Alterations in hippocampal somatostatin interneurons, GABAergic metabolism, and ASL perfusion in an aged male mouse model of POCD aggravated by sleep fragmentation.

Abstract

Sleep fragmentation (SF) is increasingly recognized as a contributing factor to postoperative cognitive dysfunction (POCD). Given the critical roles of somatostatin (SST) interneurons, associated gamma-aminobutyric acid (GABA)ergic neurotransmitters, and hippocampal perfusion in sleep-related cognition, this study examined changes in these mechanisms in preoperative SF affecting POCD induced by anesthesia/surgery in aged male mice.
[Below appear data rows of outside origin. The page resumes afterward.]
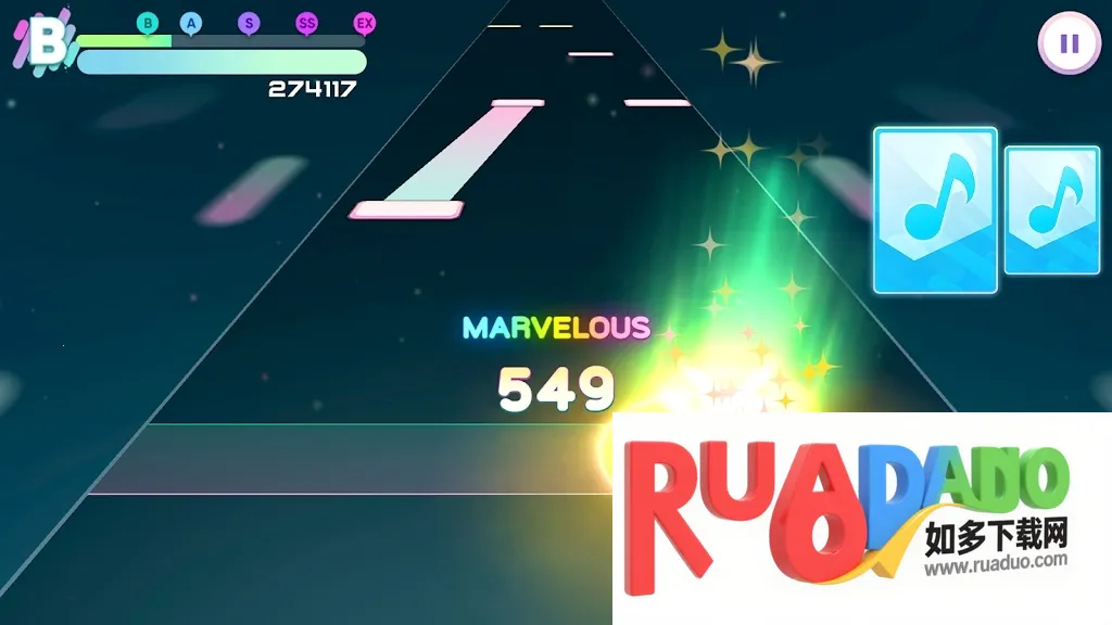 2. 操作简单,跟随音乐节奏点击或长按屏幕音符就能完成演奏。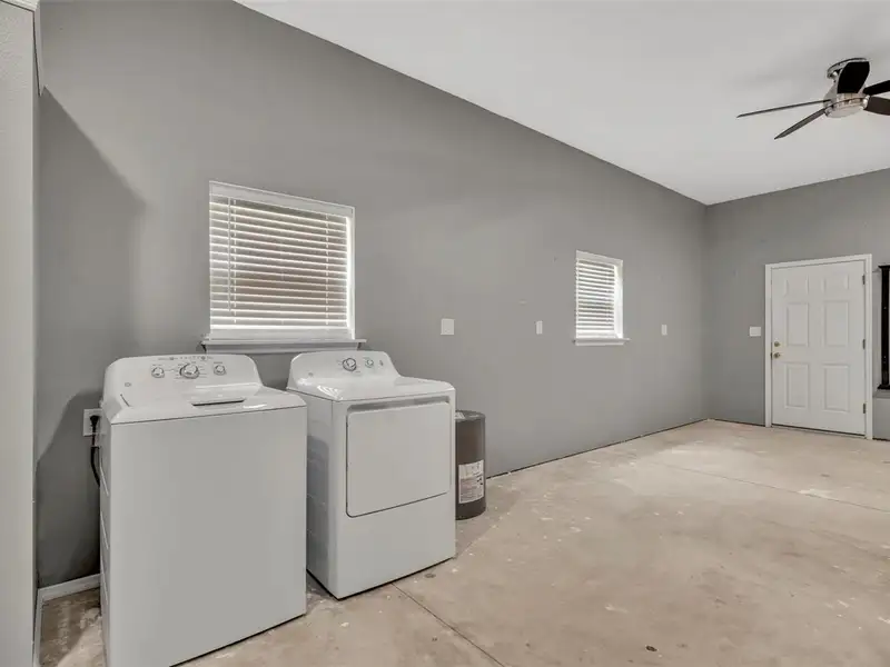 - Oversized 700-sqft garage with utilities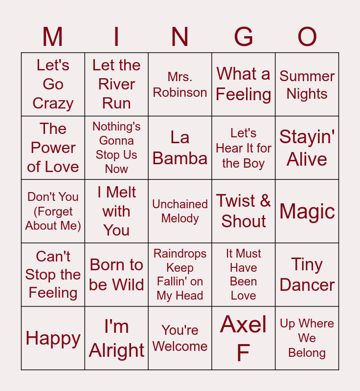 This bingo card has 35 words: You've Lost That Lovin' Feeling, Call Me, In Your Eyes, Nothing's Gonna Stop Us Now, Raindrops Keep Fallin' on My Head, What a Feeling, The Power of Love, Ghostbusters, La Bamba, 9 to 5, Don't You (Forget About Me), Summer Nights, I Say a Little Prayer for You, Old Time Rock N Roll, Let's Go Crazy, Twist & Shout, Axel F, I Melt with You, Can't Stop the Feeling, Unchained Melody, It Must Have Been Love, Happy, Tiny Dancer, I'm Alright, Mrs. Robinson, Stayin' Alive, Up Where We Belong, Don't Worry Be Happy, Let's Hear It for the Boy, Magic, Eye of the Tiger, You're Welcome, Born to be Wild, Let the River Run and I've Had the Time of My Life.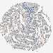 Antibody staining in the annotated cell types in the current human tissue is reported as not detected, low, medium, or high, based on conventional immunohistochemistry profiling in selected tissues. This score is based on the combination of the staining intensity and fraction of stained cells.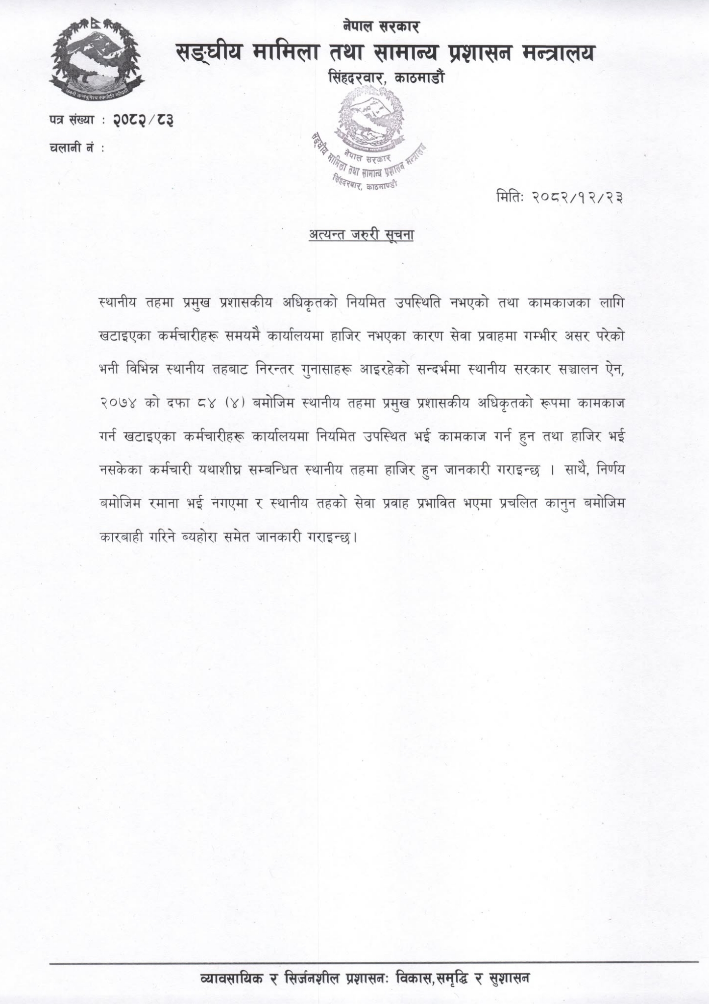 मन्त्रालयले स्थानीय सरकार सञ्चालन ऐन, २०७४ अन्तर्गतको प्रावधान स्मरण गराउँदै सबै सम्बन्धित कर्मचारीलाई यथाशीघ्र आ-आफ्नो कार्यस्थलमा पुगेर जिम्मेवारी सम्हाल्न आग्रह गरेको छ। साथै, तोकिएको स्थानमा नजाने वा सेवा प्रवाहमा असर पर्ने गरी लापरवाही गरेमा प्रचलित कानुनअनुसार कारबाही गरिने चेतावनी समेत दिएको छ।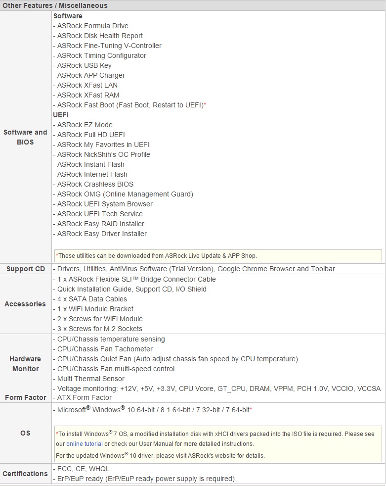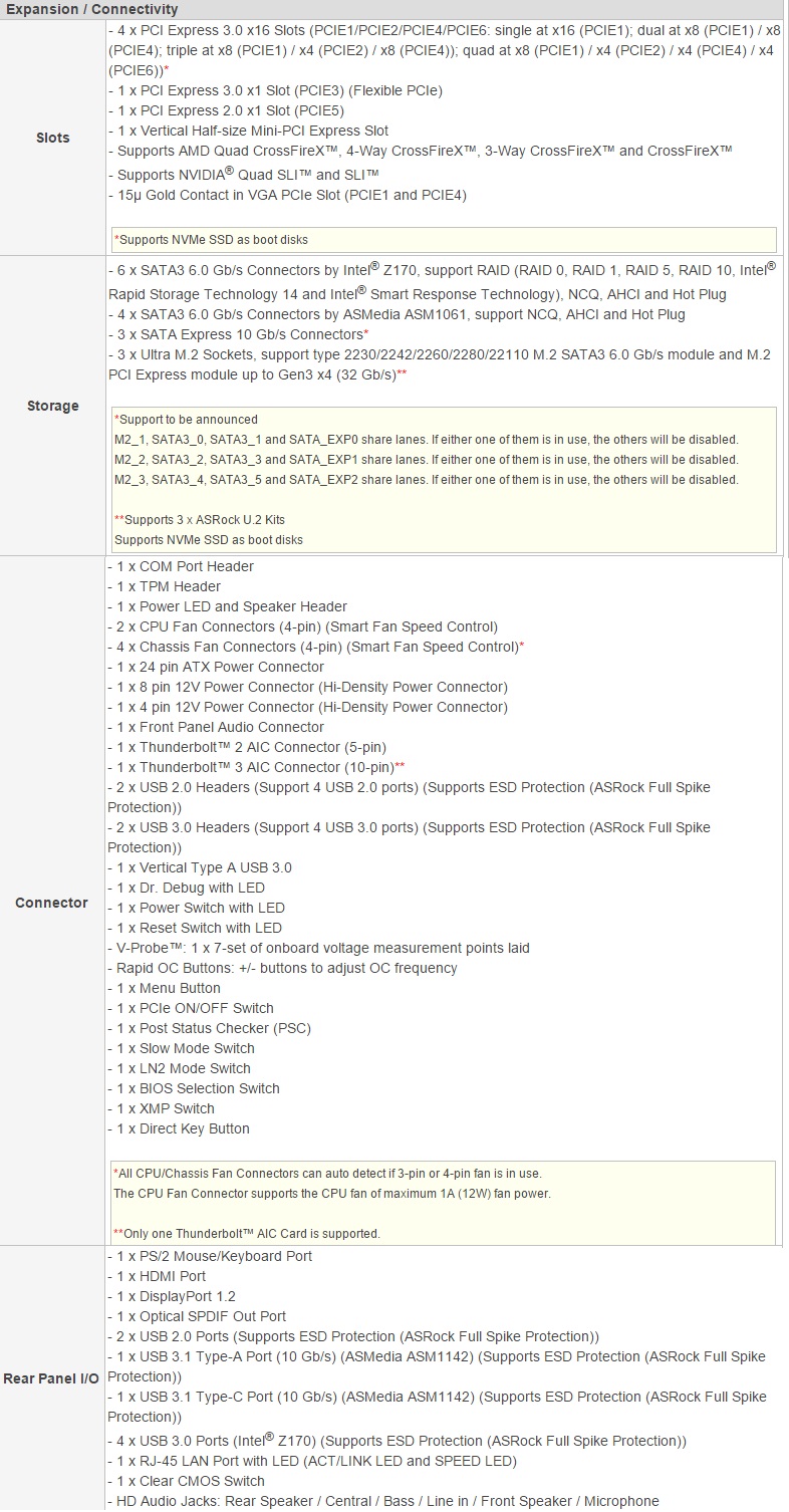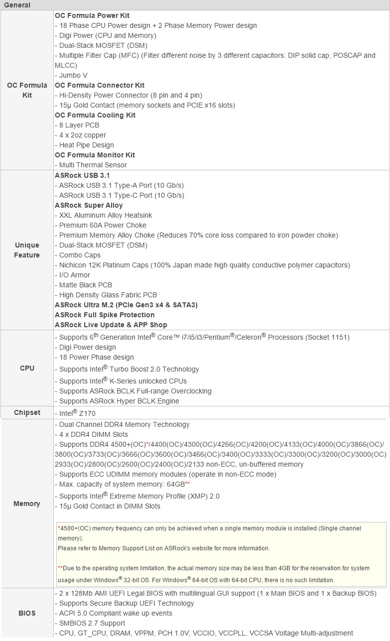 ASRock Z170 OC Formula - Caratteristiche principali e Specifiche Tecniche

The Morris water maze (MWM), novel object recognition (NOR), and Y maze tests were utilized to evaluate POCD. Arterial spin labeling (ASL) was employed to measure hippocampal regional cerebral blood flow (rCBF). Invitro assays quantified the levels of GABAergic metabolites-such as SST, neuropeptide Y (NPY), glutamic acid decarboxylase 1 (GAD1), vesicular GABA transporter (VGAT), and GABA and the distribution of SST interneurons in the hippocampus through enzyme-linked immunosorbent assay and immunofluorescence. Preoperative 24-h SF exacerbated anesthesia/surgery-induced spatial memory impairments observed in the MWM, NOR, and Y maze tests. Preoperative 24-h SF significantly increased the number of SST interneurons in hippocampal CA1, elevated hippocampal levels of SST, NPY, GAD1, and GABA, and reduced the rCBF. Preoperative SF aggravated POCD in aged male mice, with an increased number of SST interneurons in hippocampal CA1, elevated hippocampal GABAergic metabolites, and a further reduction in rCBF.